A corpus of documents can thus be represented by a matrix with one row per document and one column per token (e.g. word) occurring in the corpus.  
We call vectorization the general process of turning a collection of text documents into numerical feature vectors.   
This specific strategy (tokenization, counting and normalization) is called the **Bag of Words** or “Bag of n-grams” representation.  
Documents are described by word occurrences while completely ignoring the relative position information of the words in the document.

For futher details and example implementations see:  
https://en.wikipedia.org/wiki/Bag-of-words_model  
https://en.wikipedia.org/wiki/Document-term_matrix  

An Introduction to Bag-of-Words in NLP  
https://medium.com/greyatom/an-introduction-to-bag-of-words-in-nlp-ac967d43b428

In this kernel we apply the CountVectorizer from sklearn as BOW model.  
https://scikit-learn.org/stable/modules/generated/sklearn.feature_extraction.text.CountVectorizer.html    
As tokenizer we use the remove_punctuation_and_stopwords function defined above

In [None]:
from sklearn.feature_extraction.text import CountVectorizer
bow_transformer = CountVectorizer(analyzer = remove_punctuation_and_stopwords).fit(data['text'])

In [None]:
print(len(bow_transformer.vocabulary_))

In all sms messages bow_transformer counted 9431 different words.

### Examples for spam and ham messages

Lets look at some vectorization examples for spam and ham messages

In [None]:
sample_spam = data['text'][8]
bow_sample_spam = bow_transformer.transform([sample_spam])
print(sample_spam)
print(bow_sample_spam)

In [None]:
rows, cols = bow_sample_spam.nonzero()
for col in cols: 
    print(bow_transformer.get_feature_names()[col])

In [None]:
print(np.shape(bow_sample_spam))

In [None]:
sample_ham = data['text'][4]
bow_sample_ham = bow_transformer.transform([sample_ham])
print(sample_ham)
print(bow_sample_ham)

In [None]:
rows, cols = bow_sample_ham.nonzero()
for col in cols: 
    print(bow_transformer.get_feature_names()[col])

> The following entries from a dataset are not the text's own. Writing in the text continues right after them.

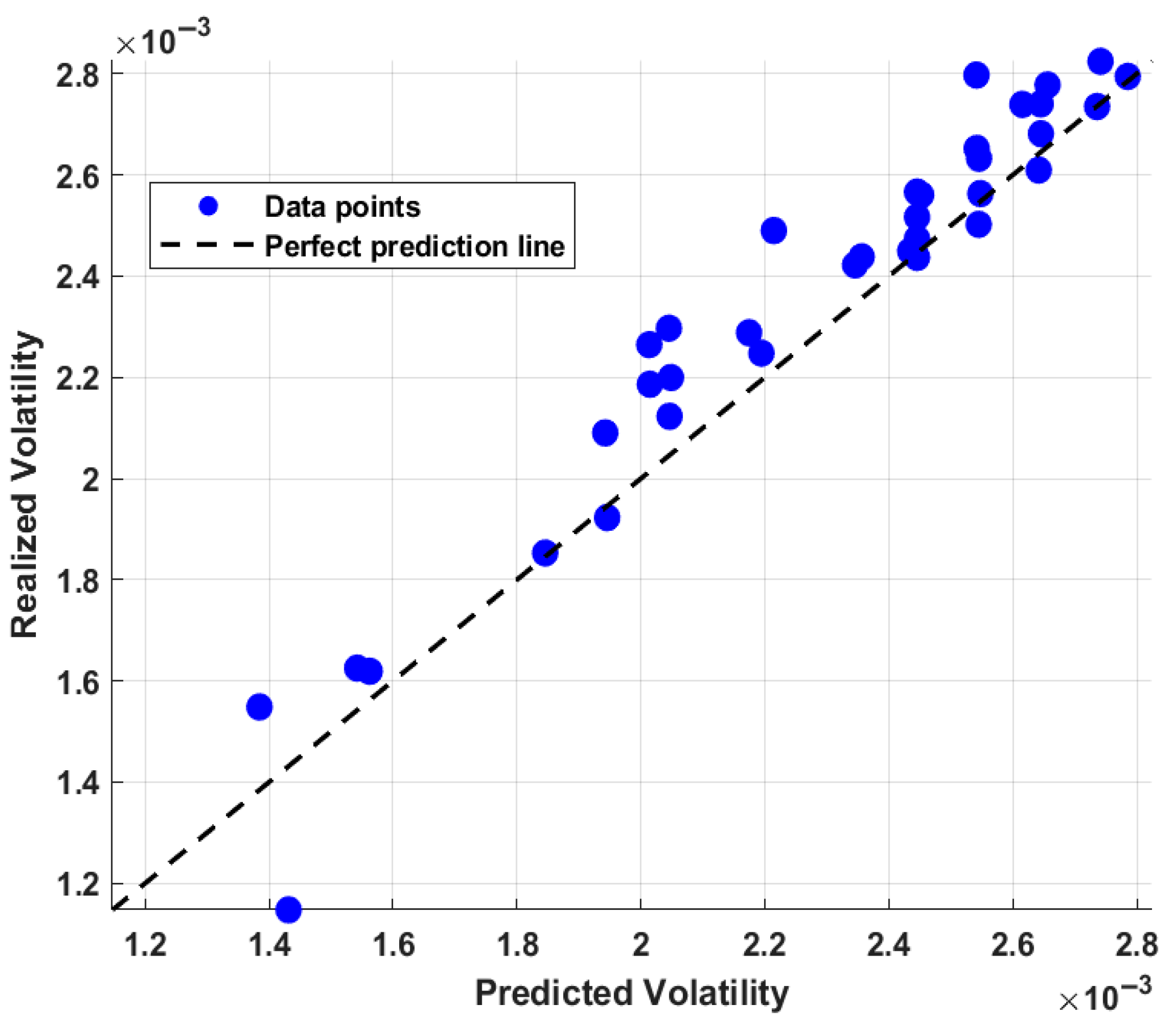 Scatter Plot Analysis of Predicted vs. Realized Volatility of Green Assets
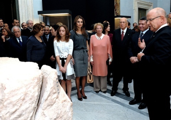 Il Presidente Giorgio Napolitano con la moglie Clio e le L.L. Maestà del Regno Hashemita di Giordania, durante la visita alla Mostra "Giordania: crocevia di popoli e di culture"
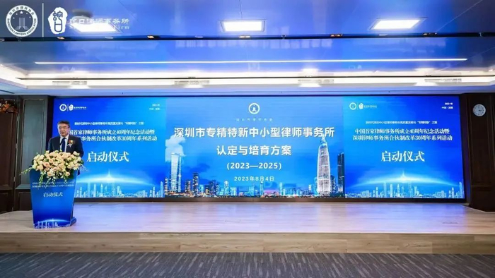 ▲8月4日,深圳市律师协会会长张斌在中国首家律所成立40周年纪念活动暨深圳律所合伙制改革30周年系列活动启动仪式上发布《深圳市专精特新中小型律师事务所认定与培育方案(2023—2025)》
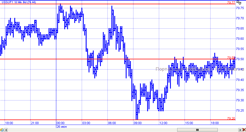 Во вторник пара доллар/иена в первой половине торговых суток продемонстрировала падение. От уровня сопротивления 79,80 цены устремились вниз и, хоть и не с первой попытки, но все же преодолели поддержку 79,50, после чего продолжили снижение к уровню 79,20. Но к завершению дня пара все же восстановила часть потерь и закрылась в районе уровня 79,50 (но уже как сопротивления).
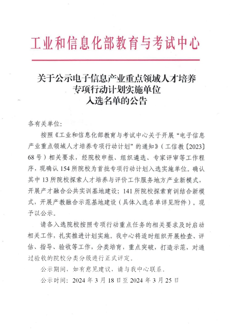 近日,工业和信息化部教育与考试中心(简称“中心”)公示了电子信息产业重点领域人才培养专项行动计划实施单位入选名单,ladbrokes立博成功入选首批拟建产教融合示范基地实施单位。
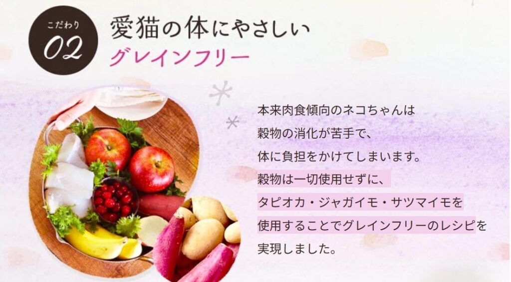 - グレインフリーで消化にやさしく、お腹の弱い猫にも人気
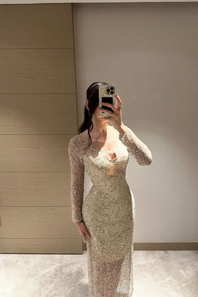 • القصة: ضيقة (Bodycon) تبرز الخصر والأنوثة، مع أكمام طويلة لمظهر راقٍ ومتوازن.
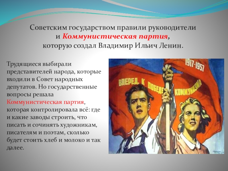 Советским государством правили руководители и Коммунистическая партия, которую создал Владимир Ильич Ленин. Трудящиеся
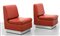 DUE POLTRONE, anni '60. Panforte rivestito di alluminio satinato, vinilpelle....
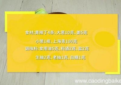 步骤1食材:黄辣丁4条、大葱10克、姜5克、小葱1根、上海青100克 。调味料:食用油5克、料酒2克、盐2克、生抽2克、老抽1克、白糖1克 。步骤2上海青对半切开,放入沸水锅中焯烫30秒,捞出备用 。步骤3黄辣丁加入料酒、1克盐,拌匀腌制1...
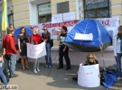 Около 20 студентов держат государственный флаг и написанные от руки транспаранты: "Долой украинофоба Табачника" и "Я тебя породил - я тебя и убью! - подпись: украинский народ".
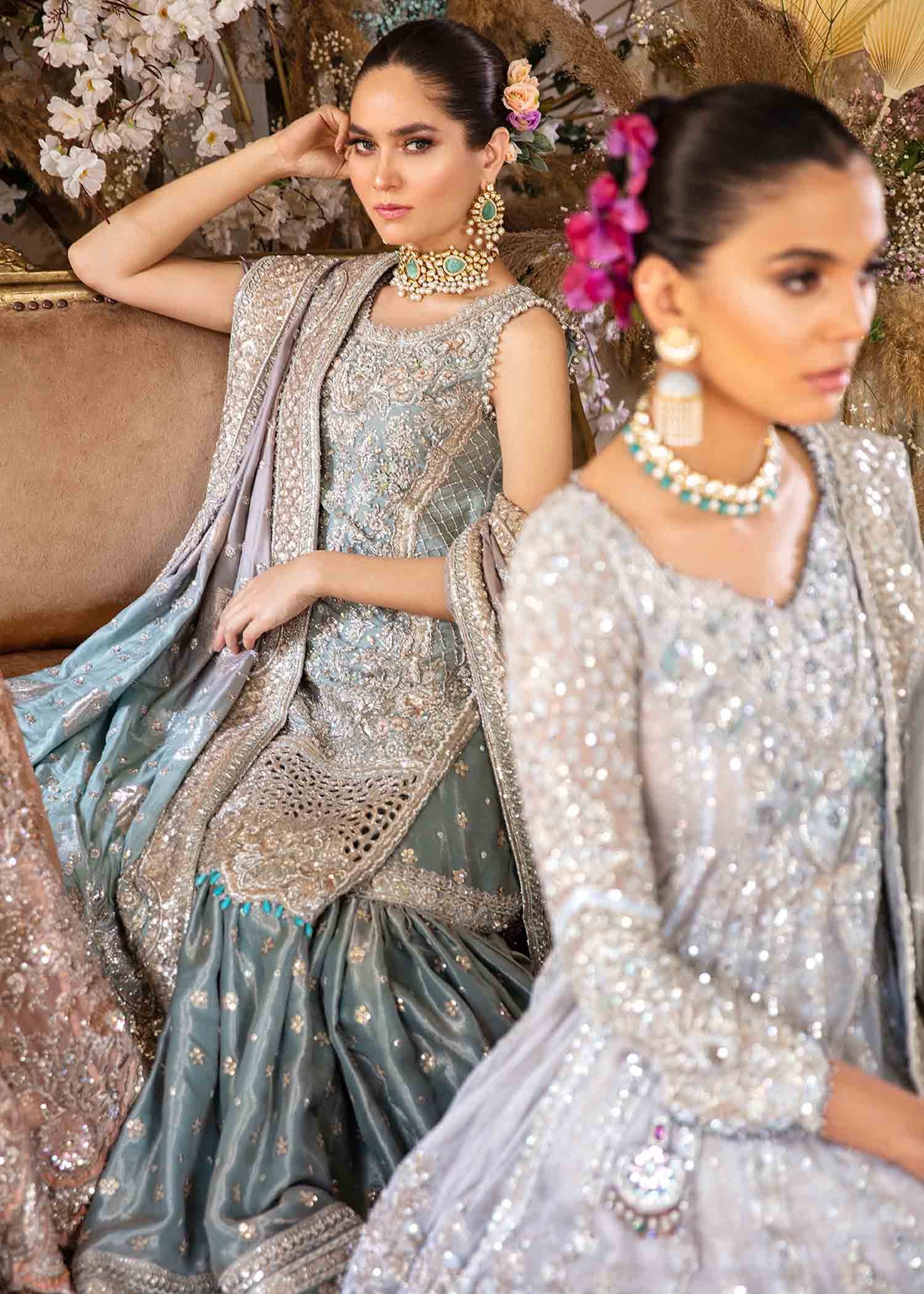 Completely handcrafted using a luxurious mix of sequins, beads, Swarovski crystals, cut-glass touches, kora, naqshi, and tilla embroidery. As this is a bespoke artisanal creation, slight variations may appear, affirming the unique authenticity of the hand-embellishment.

### Applying bow_transformer on all messages

In [None]:
bow_data = bow_transformer.transform(data['text'])

In [None]:
bow_data.shape

In [None]:
bow_data.nnz

**Sparsity: percentage of none zero entries**  
https://scikit-learn.org/stable/modules/feature_extraction.html#text-feature-extraction  
**Sparsity**  
As most documents will typically use a very small subset of the words used in the corpus,  
the resulting matrix will have many feature values that are zeros (typically more than 99% of them).  
For instance a collection of 10,000 short text documents (such as emails) will use a vocabulary  
with a size in the order of 100,000 unique words in total while each document will use 100 to   
1000 unique words individually.  
In order to be able to store such a matrix in memory but also to speed up algebraic operations matrix / vector,  
implementations will typically use a sparse representation such as available in the scipy.sparse package.


In [None]:
bow_data

In [None]:
bow_data.shape[0]

In [None]:
bow_data.shape[1]

In [None]:
bow_data.nnz

number of none zero entries divided by matrix size  

In [None]:
print( bow_data.nnz / (bow_data.shape[0] * bow_data.shape[1]) *100 )

Around 10% of the matrix are non zeros (=ones)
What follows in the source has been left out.